--- Task requirements ---
Reproduce the listing below in full and without alteration, apart from its pictures.

--- Dataset section ---
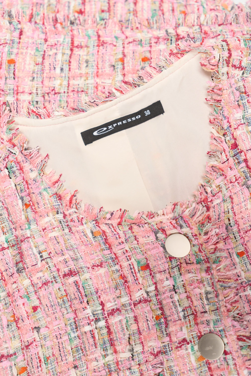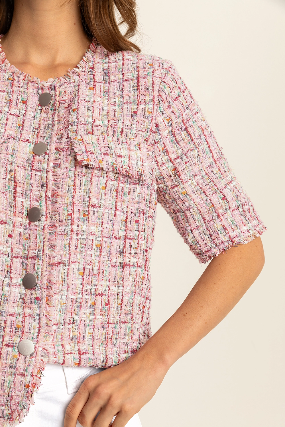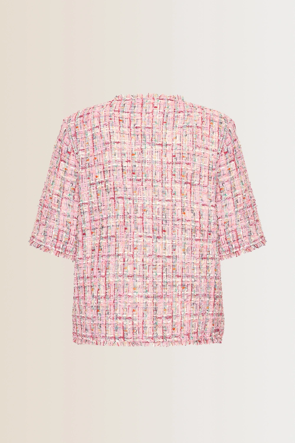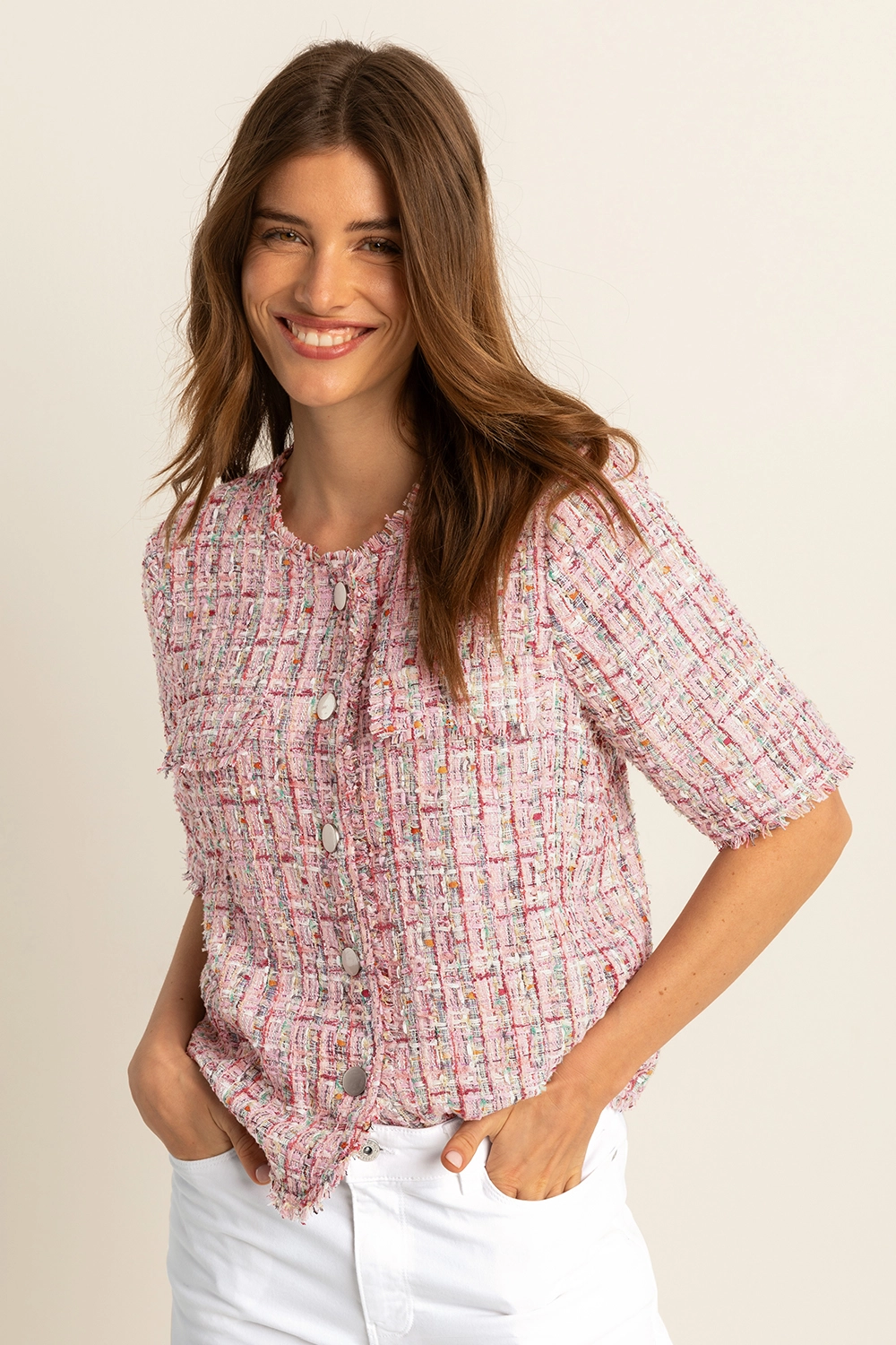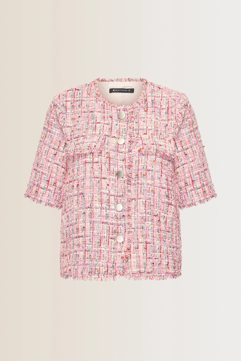Bouclé jasje – Meerkleurige boucléstructuur. Dit jasje biedt een verfijnde uitstraling met een moderne twist, dankzij de zachte, lichtgewicht stof die ideaal is voor de overgangsseizoenen. Het relaxed silhouet met een knoopsluiting zorgt voor een mooie pasvorm en een elegante look. Draag dit bouclé jasje met een geklede broek voor een chique werkoutfit of met een casual jeans voor een ontspannen look.
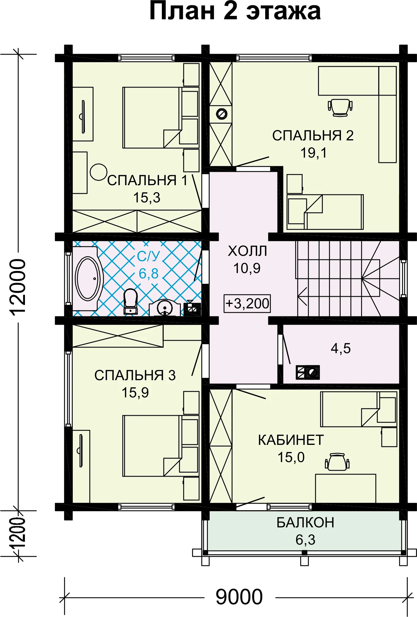Проект загородного дома из бруса с балконом S7-176 (1-54)
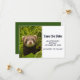 Guarda la tarjeta de cita con una adorable fotografía que muestra un pequeño hurón marrón parado en un pasto largo. ¡Cuidado como puede ser!

--- Output for this exercise ---
Bouclé jasje – Meerkleurige boucléstructuur. Dit jasje biedt een verfijnde uitstraling met een moderne twist, dankzij de zachte, lichtgewicht stof die ideaal is voor de overgangsseizoenen. Het relaxed silhouet met een knoopsluiting zorgt voor een mooie pasvorm en een elegante look. Draag dit bouclé jasje met een geklede broek voor een chique werkoutfit of met een casual jeans voor een ontspannen look.
Проект загородного дома из бруса с балконом S7-176 (1-54)
 Guarda la tarjeta de cita con una adorable fotografía que muestra un pequeño hurón marrón parado en un pasto largo. ¡Cuidado como puede ser!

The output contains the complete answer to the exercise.